CHECKSUM 1L "06 May 1994" "Version 1.06"

Table of contents


NAME

checksum - install, or validate, file checksum

SYNOPSIS

checksum <infile >outfile
checksum infile >outfile
checksum infile outfile
checksum -c < infile
checksum -c infile
checksum -v < infile
checksum -v infile

checksum computes a 16-bit cyclic redundancy checksum (CRC) for a file, as well as counts of the words, lines and characters.

With no filenames on the command line, stdin and stdout are assumed. With one filename, input is from that file, with output to stdout. With two filenames, input is from the first, and output to the second.

If the checksum has previously been installed in the input file, and the input file has not been corrupted since then, the output file will be identical to the input file.

With the -c option, only an input file is expected, and it may come from the command line, or from stdin. checksum will then compute a new checksum, and then output on stdout only the new checksum line. This may be convenient for programmable editors to update a file checksum.

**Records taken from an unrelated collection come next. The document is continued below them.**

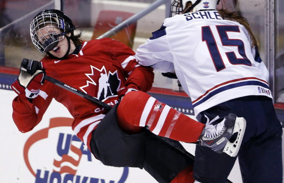 I have a draft of a post for this blog sitting somewhere about short players in the NHL, a surprisingly deep list considering how many people claim this is a sport all about size and that size equals physicality. Last night I watched the 5’7″ Mats Zuccarello take on the 5’11” T.J. Oshie. I’ve watched the 5’8″ Brendan Gallagher go after Zdeno Chara, who in addition to being more than a foot taller than Gallagher is also about 80 pounds heavier than him. Average size is going up, sure, but smaller players are still able to find a way to carve out a place in this league if they have the skill. And there are tall, strong women’s players like Hilary Knight who at 5’11” and 172 lbs is exactly the same height and weight as Claude Giroux.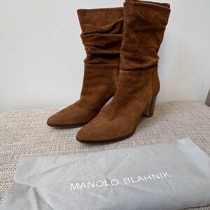 Authentic Manolo Blahnik Knight boots in Cognac Suede colour. Size is 38M (7-7.5).
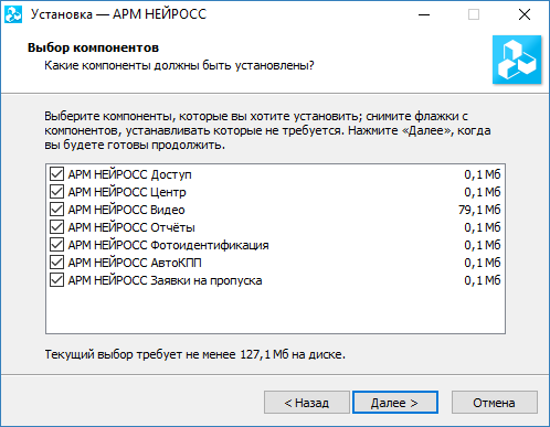 Проверьте список компонентов АРМ НЕЙРОСС. Если установка каких-то компонентов не требуется, снимите соответствующие флажки. Нажмите Далее.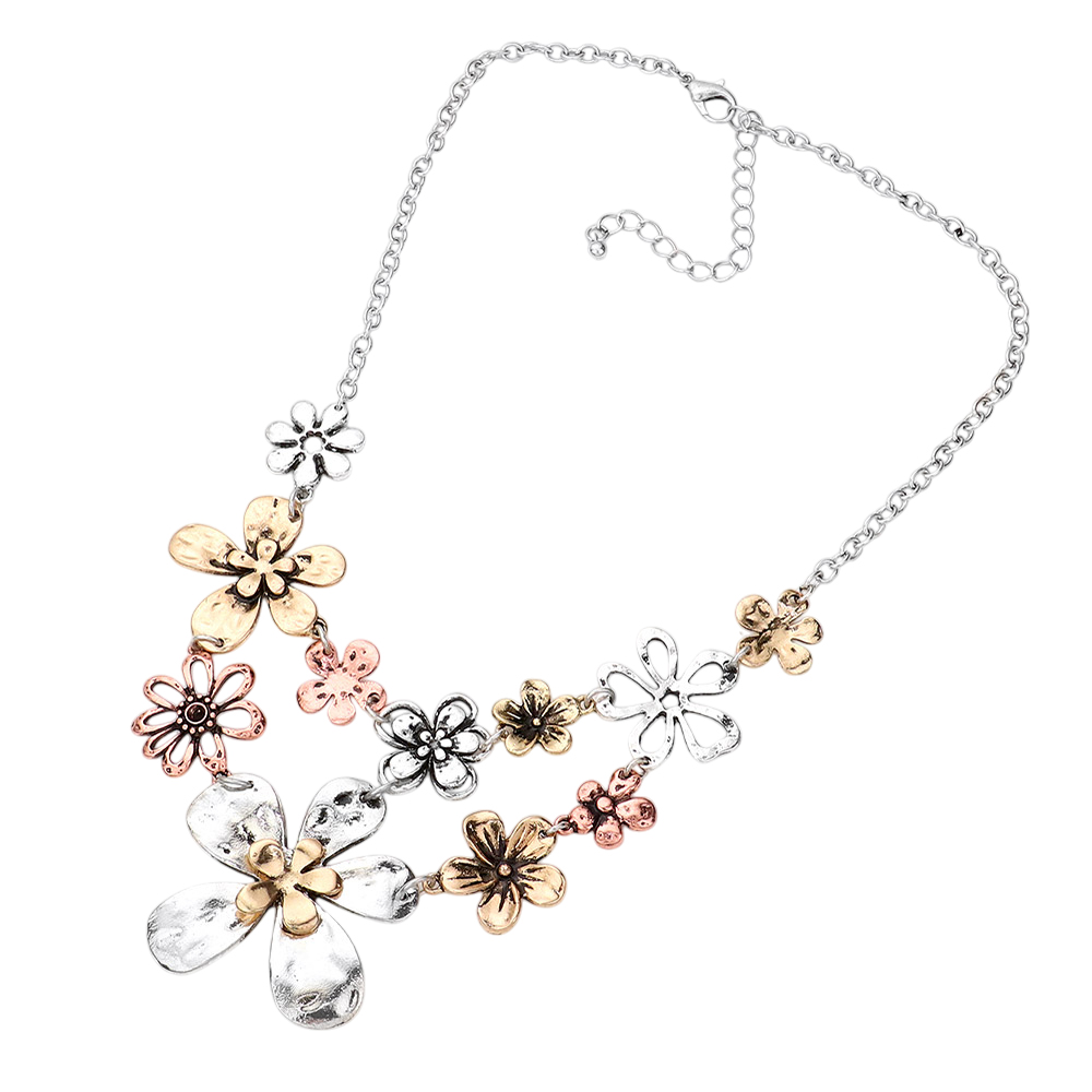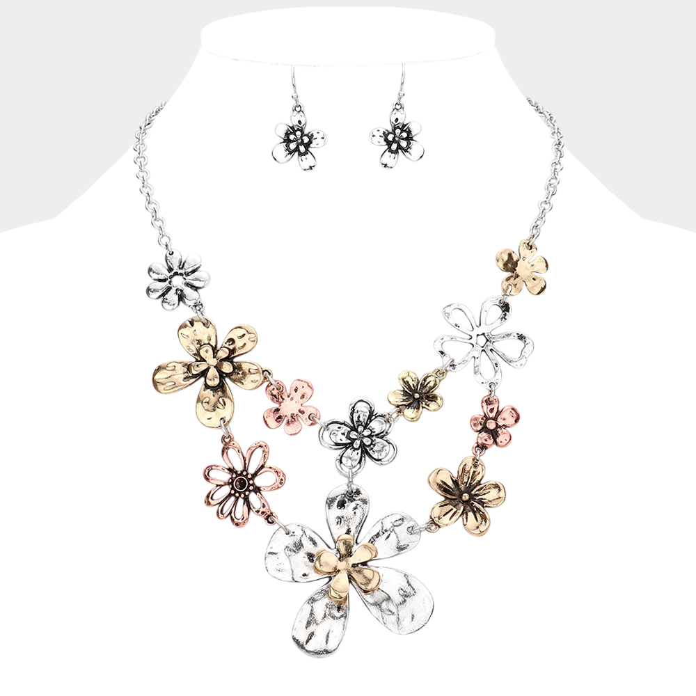 3PCS - Metal Flower Ball Beaded Stretch Multi Layered Bracelets

With the -v option, only an input file is expected, and it may come from the command line, or from stdin. checksum will then verify whether the checksum embedded in the file is correct or not. A zero status code is returned for a correct checksum, and a non-zero one otherwise; in UNIX, the status code may be conveniently tested in shell scripts. In either case, an informative message is printed on stdout.


DESCRIPTION

checksum will search for the first line of its input which contains the word checksum in lowercase and no other alphabetic characters. We refer to this line as the ``critical line'' of the file. If the critical line contains no quotation marks, then the output file created is a copy of the input file, except that the critical line is replaced by a line where the word checksum is replaced by checksum = "xxxxx lc wc cc". Here, lc is the number of lines in the output file, written in decimal. Similarly, wc is the word count of the output file, and cc is the character count when the end of line character is taken to be the single character ASCII newline (octal 012).

For many text files, it is possible to hide the ``critical line'' in a comment near the beginning of the file.

It is difficult to arrange that a file contains its own checksum. Instead, the field xxxxx contains the checksum, written in decimal in a five-digit field (with possible leading 0's) of the file obtained from the output file by replacing the field containing the checksum by the string ZZZZZ.

If the critical line already contains after the word ``checksum'' precisely two quotation marks, and the first is the last character of the four-character string `` = "'' (i.e. <blank><equals><blank><quotation mark>) then the material between the two quotation marks will be deleted and replaced by a checksum and three counts as described above.

While the counts of words, characters, and lines could be obtained by the UNIX wc(1) utility, that information is still not sufficient to detect character substitutions, or transpositions of characters, lines, and words. The CRC-16 checksum remedies that, since the resulting checksum depends on the order and value of every single byte in the file.

checksum is intended to support the reliable exchange of text files between different computers, even ones with different operating systems. Thus, the newline character sequence that terminates each line is treated as if it were an ASCII newline (linefeed) character, even though it may be a carriage return, a carriage return and a line feed, or simply an end-of-record condition in the file, depending on the operating system and file type. The file checksum is therefore independent of the particular representation of end-of-line.

Although UNIX systems have a file checksum utility, sum(1), the result it produces differs between UNIX variants, and in any event, it is neither publicly available for porting to other systems, nor independent of the end-of-line representation. checksum is freely available.


SEE ALSO

sum(1), wc(1).

AUTHOR

Robert M. Solovay
Department of Mathematics
University of California
Berkeley, CA, USA
Tel: +1 415 642 2252
Email: solovay@math.berkeley.edu

Amiga support and many typographical formatting improvements:

Andreas Scherer
Abt Wolf Strasse 17
96215 Lichtenfels
Germany
Tel: (0 95 71) 2013

General maintenance for the TeX Users Group:

Nelson H. F. Beebe
Center for Scientific Computing
Department of Mathematics
University of Utah
Salt Lake City, UT 84112
USA
Tel: +1 801 581 5254
FAX: +1 801 581 4148
Email: beebe@math.utah.edu (Internet)

AVAILABILITY

The master source distribution for checksum is maintained on the Internet archive host ftp.math.utah.edu (University of Utah, Salt Lake City, UT, USA) in the anonymous ftp directory path /pub/tex/checksum. Copies should be mirrored from there to the Comprehensive TeX Archive Network hosts, which include at least these machines: tex.ac.uk (Aston University, Birmingham, UK), ftp.uni-stuttgart.de (University of Stuttgart, Stuttgart, Germany), and pip.shsu.edu (Sam Houston State University, Huntsville, Texas, USA). On each of these machines, you should be able to locate this software in the archives with the ftp command quote site index checksum.